Scenario 1: Lag grows linearly

Time     Lag
10:00    100
10:05    300
10:10    500
10:15    700
→ Linear growth = consumer slower than producer

Root cause:
  - Consumer processing slow (DB bottleneck, external API)
  - GC pauses
  - Network latency to broker

Action: Scale consumers or optimize processing

Scenario 2: Lag spike then recovery

Time     Lag
10:00    100
10:05    5000   ← spike
10:10    3000
10:15    500    ← recovery
10:20    100

Root cause:
  - Temporary broker unavailability
  - Network partition resolved
  - GC pause ended

Action: Investigate spike cause, may not need scaling

Scenario 3: Lag grows exponentially

Time     Lag
10:00    100
10:05    200
10:10    800
10:15    3200
10:20    12800
→ Exponential = consumer completely stuck

Root cause:
  - Poison pill message
  - Deadlock in consumer
  - External dependency down

Action: URGENT — find root cause, may need to skip messages

When NOT to Use Lag as the Only Metric

  • Lag = 0 but consumer is processing slowly — may spike on burst
  • Lag is high but decreasing — consumer is catching up, don’t panic
  • Lag without producer rate — lag may be high with low producer activity
  • Lag without error rate — lag may grow due to errors, not slow processing

Senior Level

Deep Internals

Lag Calculation Internals

Kafka broker:
  Partition State:
    - LogEndOffset: offset the next message will get
    - HighWatermark: offset of the last committed message (all ISR)
    - LastStableOffset: for transactional messages

Consumer:
  CommittedOffset: stored in __consumer_offsets topic
  Position: next offset to be read (may be ahead of committed)

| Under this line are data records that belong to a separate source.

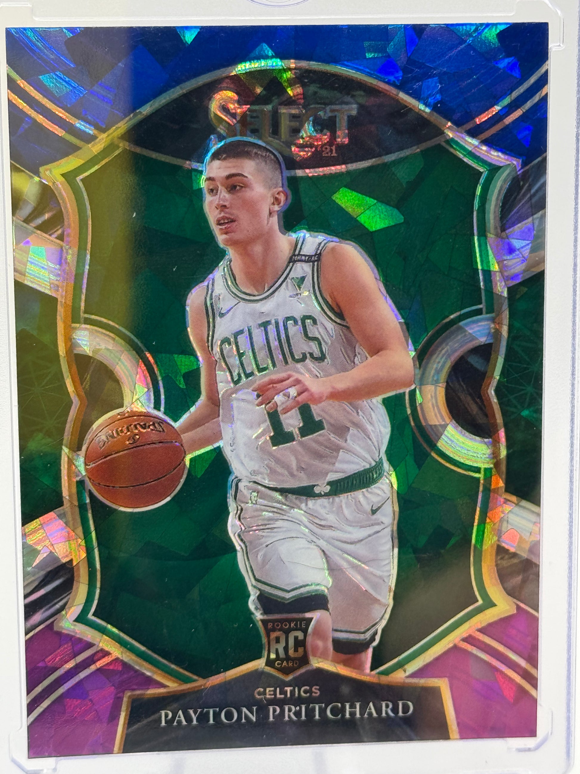 2020-21 Panini Select #86 Payton Pritchard Blue Green Purple Cracked Ice RC Boston Celtics
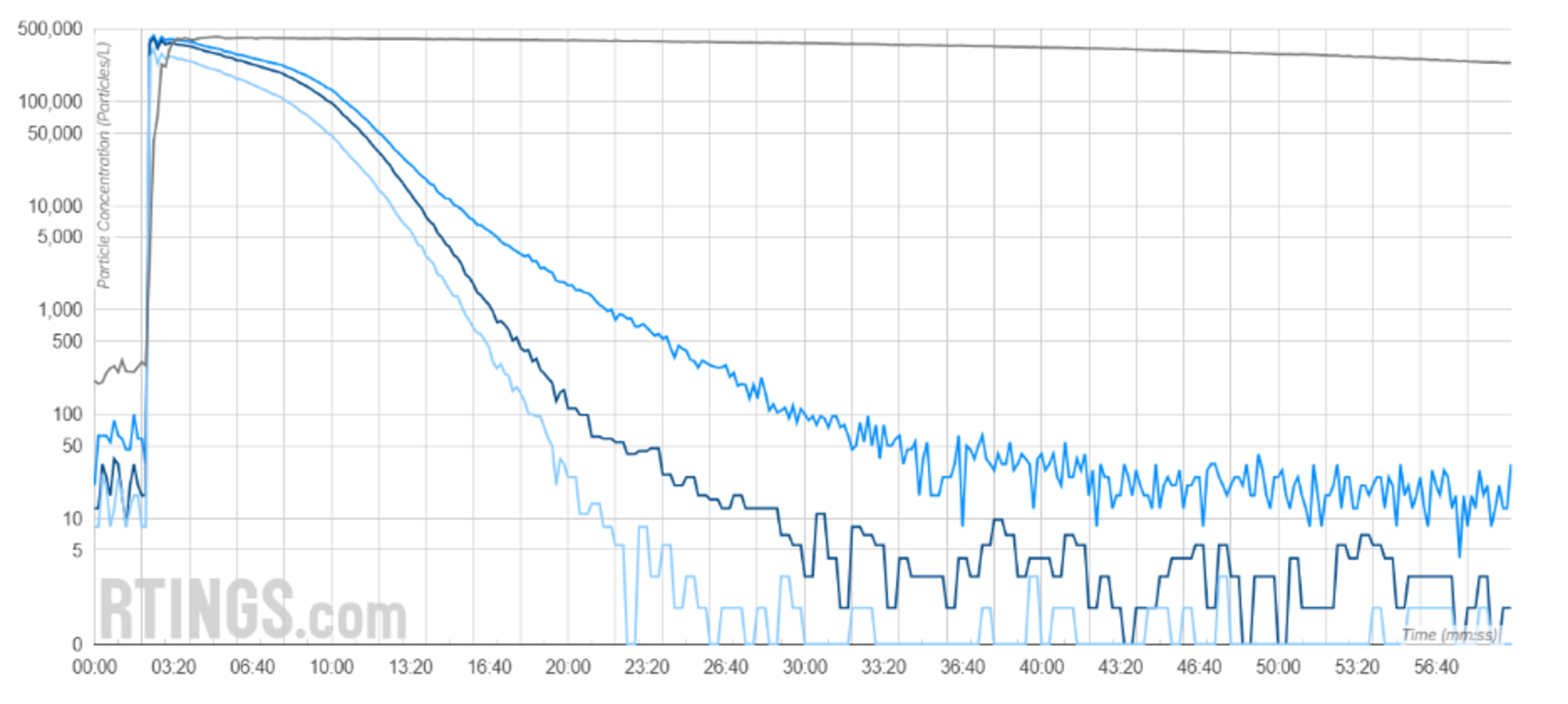 Our new methodology is far stricter. We generate airborne particulate matter by atomizing an aqueous saline solution into our (properly-sealed) testing room. This process generates more uniformly sized particles that are mostly in the 0.3um range, which is considered the most penetrating particle size for any type of filter medium, and tends to bring results significantly closer to AHAM AC-1 figures. We've also shifted the window used to calculate CADR, starting from the point where there's a meaningful drop in particle levels inside our testing room.
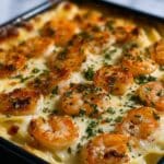 This Shrimp Scampi Pasta Bake combines succulent shrimp sautéed in a garlicky butter sauce with tender pasta, baked to perfection with a crispy parmesan topping. A quick and comforting 35-minute meal perfect for weeknight dinners or gatherings.
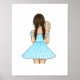 Menina jovem segurando um pequeno coelho marrom-creme em seus braços e ombros. A menina está vestindo um lindo vestido de primavera xadrez gingham azul pastel. Um design adorável para decorar abril e berçários. Design ideal para o quarto de uma menina.

Lag (per partition) = LogEndOffset - CommittedOffset

__consumer_offsets topic:
  - Internal Kafka topic
  - Compacted cleanup (only latest offset per group+partition)
  - 50 partitions (default)
  - Key: [group.id, topic, partition]
  - Value: {offset, metadata, leaderEpoch, timestamp}

Offset Commit Lag vs Processing Lag

Offset Commit Lag:
  CommittedOffset = 800
  ProcessingOffset = 850  (processed but not committed)
  LogEndOffset = 1000

  "Visible lag" = 1000 - 800 = 200
  "Real lag" = 1000 - 850 = 150

  Difference = 50 messages in-flight (processed, not committed)

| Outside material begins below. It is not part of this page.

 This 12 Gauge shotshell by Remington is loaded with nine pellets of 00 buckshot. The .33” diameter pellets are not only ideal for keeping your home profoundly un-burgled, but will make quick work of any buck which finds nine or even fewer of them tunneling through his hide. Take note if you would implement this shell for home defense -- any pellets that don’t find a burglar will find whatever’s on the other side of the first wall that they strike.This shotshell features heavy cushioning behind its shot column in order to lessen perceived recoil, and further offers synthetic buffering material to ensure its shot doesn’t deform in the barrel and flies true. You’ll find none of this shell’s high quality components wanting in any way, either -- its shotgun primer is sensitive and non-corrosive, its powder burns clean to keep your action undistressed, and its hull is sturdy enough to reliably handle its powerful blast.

This matters for monitoring:
  - Burrow sees committed offset → lag = 200
  - Real processing lag = 150
  - In-flight messages are not visible to external tools

Kafka Exporter Internals

kafka_exporter (Prometheus):
  1. AdminClient.ListConsumerGroupOffsets() → committed offsets
  2. AdminClient.ListOffsets(latest) → log end offsets
  3. Calculates lag
  4. Exposes as Prometheus metrics

Metrics exposed:
  kafka_consumergroup_lag{group="order-service",topic="orders",partition="0"}
  kafka_consumergroup_lag_sum{group="order-service",topic="orders"}
  kafka_topic_partition_current_offset{topic="orders",partition="0"}
  kafka_consumergroup_current_offset{group="order-service",topic="orders",partition="0"}

Scrape interval: 10–30s (not more often — expensive admin calls)

Trade-offs

Approach Accuracy Overhead Real-time Complexity
CLI (kafka-consumer-groups) High Manual Point-in-time Low
Burrow High Low ~5s delay Medium
kafka_exporter + Prometheus Medium Low ~10s delay Medium
JMX (kafka.consumer) High Medium Real-time High
Custom monitoring Maximum Varies Real-time High

Edge Cases

1. Lag = 0 but consumer is not working:

Scenario:
  Consumer processed up to offset 1000
  No new messages produced for the last 10 min
  Lag = LogEndOffset(1000) - CommittedOffset(1000) = 0

  Looks OK, but the consumer may be dead!

Resolution:
  1. Monitor consumer heartbeat (session.timeout.ms)
  2. Monitor processing rate (messages/sec)
  3. Monitor "time since last commit"
  4. Burrow status: STOP if no heartbeat

2. Lag spike during rebalancing:

Scenario:
  10:00: Consumer-1 processes partition 0, lag = 100
  10:01: Consumer-2 joins → rebalancing
  10:02: Partition 0 assigned to Consumer-2
  10:02: Lag spike: 100 → 500 (no processing during rebalance)
  10:05: Consumer-2 catches up, lag = 50

This is expected behavior!
  - Lag spike during rebalance = normal
  - Lag recovery after rebalance = healthy

Monitoring:
  Ignore lag spikes < 5 min duration
  Alert on lag spike > 10 min without recovery

3. Consumer rewind (lag sudden increase):

Scenario:
  Committed offset: 1000
  Next poll: committed offset = 500 (rewind!)
  Lag suddenly: 500 → 1500

Root causes:
  1. Offset reset (auto.offset.reset = earliest)
  2. Manual seek (consumer.seek)
  3. Offset data loss (__consumer_offsets corruption)
  4. Consumer group reset

Burrow status: REWIND
Action:
  Investigate — rewind may be intentional (replay)
  Or data loss (critical!)

4. Transactional Messages and Lag:

Scenario:
  Producer started a transaction
  Wrote messages at offsets 1000-1050
  Transaction NOT committed yet
  LogEndOffset = 1051
  LastStableOffset = 1000

Consumer lag calculation:
  If consumer isolation.level = read_committed:
    Sees only committed messages up to offset 1000
    Lag = 1000 - committed_offset  (correct)
  If consumer isolation.level = read_uncommitted:
    Sees all messages including uncommitted
    Lag = 1051 - committed_offset  (misleading!)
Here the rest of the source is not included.